* _EXERCISE DESCRIPTION_
As you reproduce every line below, keep it exactly as written and leave out the images.

* _EXTRACTED INFORMATION_

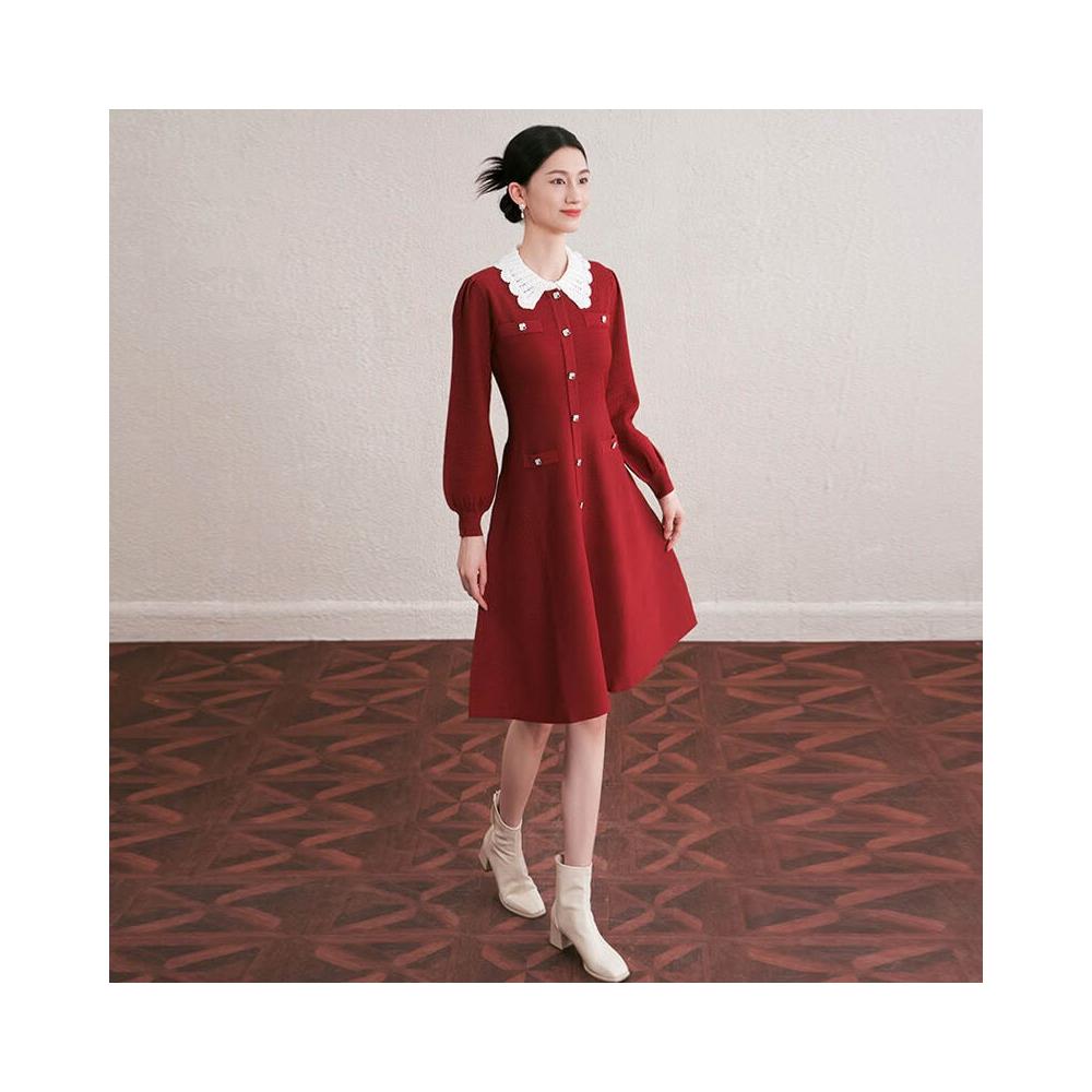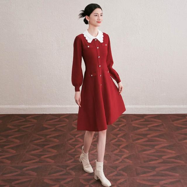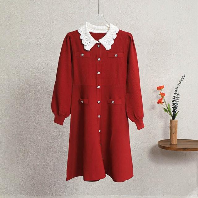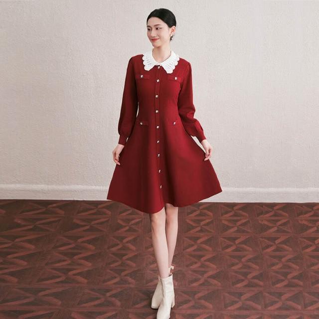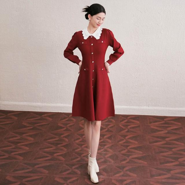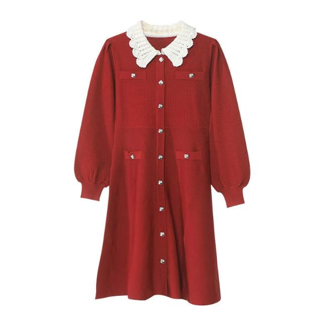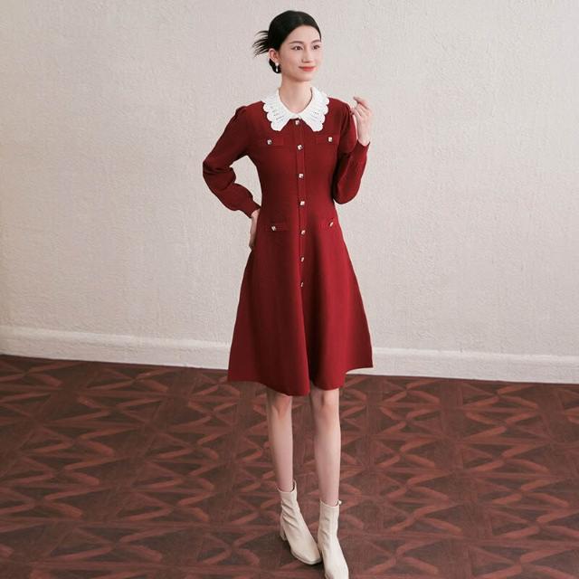 欧莱 秋冬新款法式撞色手工勾花镂空翻領修身顯瘦中長款針織連衣裙女
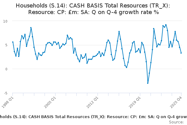 Download this time seriesHouseholds (S.14): CASH BASIS Total Resources (TR_X): Resource: CP: £m: SA: Q on Q-4 growth rate %
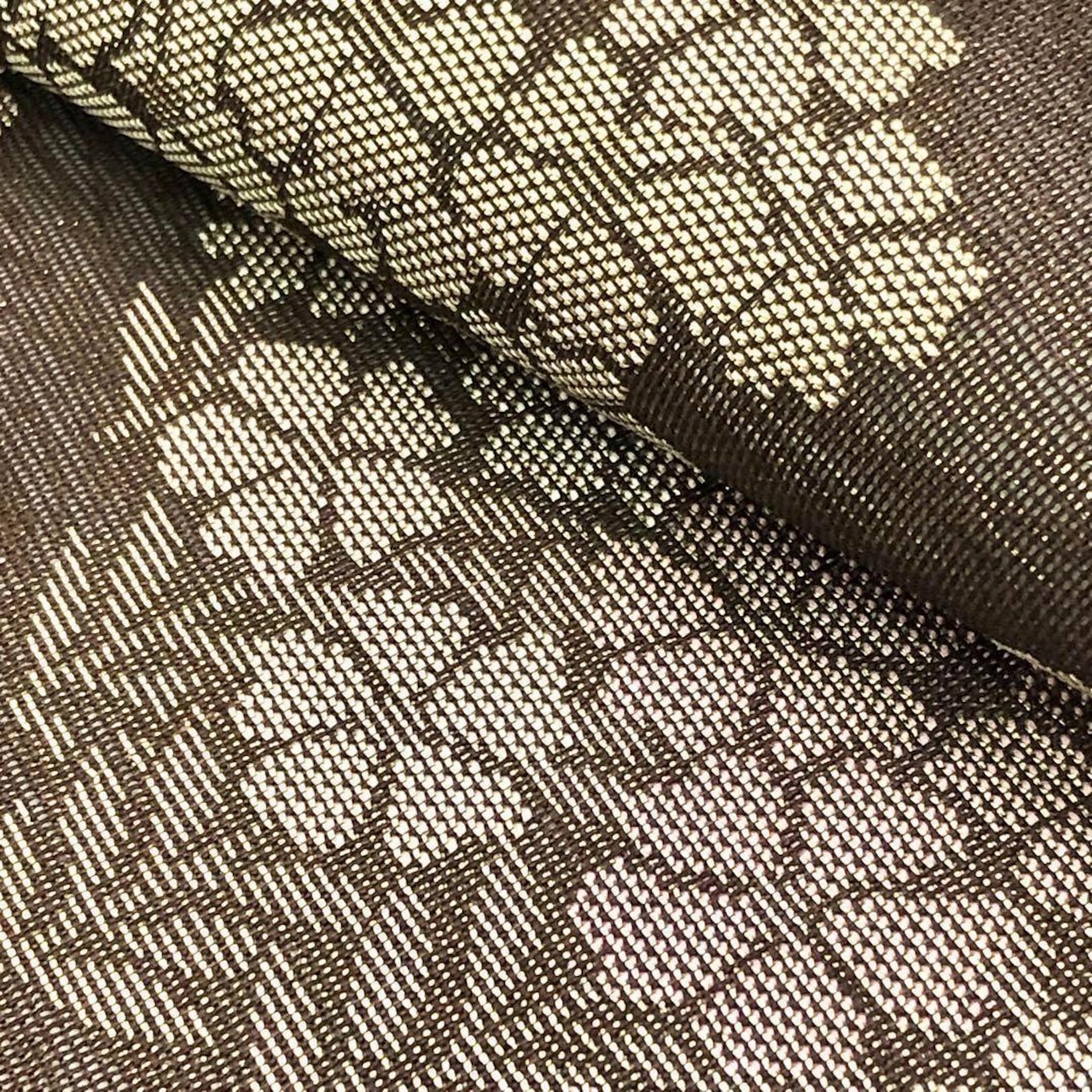 落栗色の落ち着きのあるお色味に撫子の花柄がデザインされた素敵な柄裄のお品でございます。
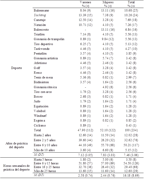 La muestra estuvo compuesta por 234 adolescentes (47.90 % varones, 52.10 % mujeres) de entre 12 y 16 años de edad (M = 14.48; DT = 1.09) seleccionados para el Equipo Olímpico Argentino, dentro del Plan Operativo de los Juegos Olímpicos de la Juventud -Buenos Aires 2018- (ENARD, 2014). La distribución de casos por deporte y género, así como años de práctica deportiva y horas semanales de práctica se presentan en la Tabla 1.
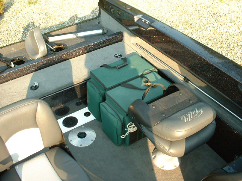 Posts: 1936 Location: Eau Claire, WI | Wife and I took a ride to Worrall's Hideout and got a look at the rig this morning. For a boat of this size I am very impressed with the new layout changes. The front deck is like a dancefloor and there is more than adequate storage in the bow compartments. The rod locker is too sweet... 8 footers in the top row and 7'6"ers in the middle no problem... There were ideas shared and incorporated from various current and former Tuffy owners and the factory did an excellent job with the engineering on this boat. Can't wait to see what the new 2060 will look like ?...Stay tuned Muskiefriends the unveiling is coming soon..:) I haven't seen the new deck extension yet but on the ride home I came up with a few prototype ideas in my little head "if" there is a need to input any revisions. From what Steve told me the deck extension is approximately as wide as one of the Lakewoods boxes pictured below. If you look at the picture with the boxes stacked 2-deep you should be able to see that there is enough room with the deck extension to still place a Lakewoods box behind each seat and still have enough floor room for the anglers to get out of their seats and be able to stand/step with adequate room to mount the front and/or rear deck. For reference the Lakewoods boxes pictured are the "Musky Medium" box 10.5"w x 14"h x 18.5"L. No doubt this will become the boat of choice for those who are looking for a very muskie friendly mulit-species combination boat in the 17-18 foot model range. Exceptional for 2 anglers, comfortable for 3, and workable for 4 if needed. 1760 hull offers great performance and is capable of safely handling big water while still being user friendly for those "less than desireable" launches on the smaller 2-300 acre lakes. A high quality glass boat just became an achievable dream for those who couldn't think they could afford it. Predatory perfomance on the prowl once again..:) Here are some pictures of my Lakewoods boxes in two different postions behind the seats. My Frabill Big Kahuna fit nicely along side the passenger seat and the inner gunnel. I'm confident Frabill's Big Game model would lay flat on the floor between the seat pedistals. Attachments ---------------- 1760 lakewoods each side.jpg (176KB - 165 downloads) 1760 lakewoods 2 deep.jpg (168KB - 163 downloads) | ||

* _OUTPUT BELOW_
 欧莱 秋冬新款法式撞色手工勾花镂空翻領修身顯瘦中長款針織連衣裙女
 Download this time seriesHouseholds (S.14): CASH BASIS Total Resources (TR_X): Resource: CP: £m: SA: Q on Q-4 growth rate %
 落栗色の落ち着きのあるお色味に撫子の花柄がデザインされた素敵な柄裄のお品でございます。
 La muestra estuvo compuesta por 234 adolescentes (47.90 % varones, 52.10 % mujeres) de entre 12 y 16 años de edad (M = 14.48; DT = 1.09) seleccionados para el Equipo Olímpico Argentino, dentro del Plan Operativo de los Juegos Olímpicos de la Juventud -Buenos Aires 2018- (ENARD, 2014). La distribución de casos por deporte y género, así como años de práctica deportiva y horas semanales de práctica se presentan en la Tabla 1.
 Posts: 1936 Location: Eau Claire, WI | Wife and I took a ride to Worrall's Hideout and got a look at the rig this morning. For a boat of this size I am very impressed with the new layout changes. The front deck is like a dancefloor and there is more than adequate storage in the bow compartments. The rod locker is too sweet... 8 footers in the top row and 7'6"ers in the middle no problem... There were ideas shared and incorporated from various current and former Tuffy owners and the factory did an excellent job with the engineering on this boat. Can't wait to see what the new 2060 will look like ?...Stay tuned Muskiefriends the unveiling is coming soon..:) I haven't seen the new deck extension yet but on the ride home I came up with a few prototype ideas in my little head "if" there is a need to input any revisions. From what Steve told me the deck extension is approximately as wide as one of the Lakewoods boxes pictured below. If you look at the picture with the boxes stacked 2-deep you should be able to see that there is enough room with the deck extension to still place a Lakewoods box behind each seat and still have enough floor room for the anglers to get out of their seats and be able to stand/step with adequate room to mount the front and/or rear deck. For reference the Lakewoods boxes pictured are the "Musky Medium" box 10.5"w x 14"h x 18.5"L. No doubt this will become the boat of choice for those who are looking for a very muskie friendly mulit-species combination boat in the 17-18 foot model range. Exceptional for 2 anglers, comfortable for 3, and workable for 4 if needed. 1760 hull offers great performance and is capable of safely handling big water while still being user friendly for those "less than desireable" launches on the smaller 2-300 acre lakes. A high quality glass boat just became an achievable dream for those who couldn't think they could afford it. Predatory perfomance on the prowl once again..:) Here are some pictures of my Lakewoods boxes in two different postions behind the seats. My Frabill Big Kahuna fit nicely along side the passenger seat and the inner gunnel. I'm confident Frabill's Big Game model would lay flat on the floor between the seat pedistals. Attachments ---------------- 1760 lakewoods each side.jpg (176KB - 165 downloads) 1760 lakewoods 2 deep.jpg (168KB - 163 downloads) | ||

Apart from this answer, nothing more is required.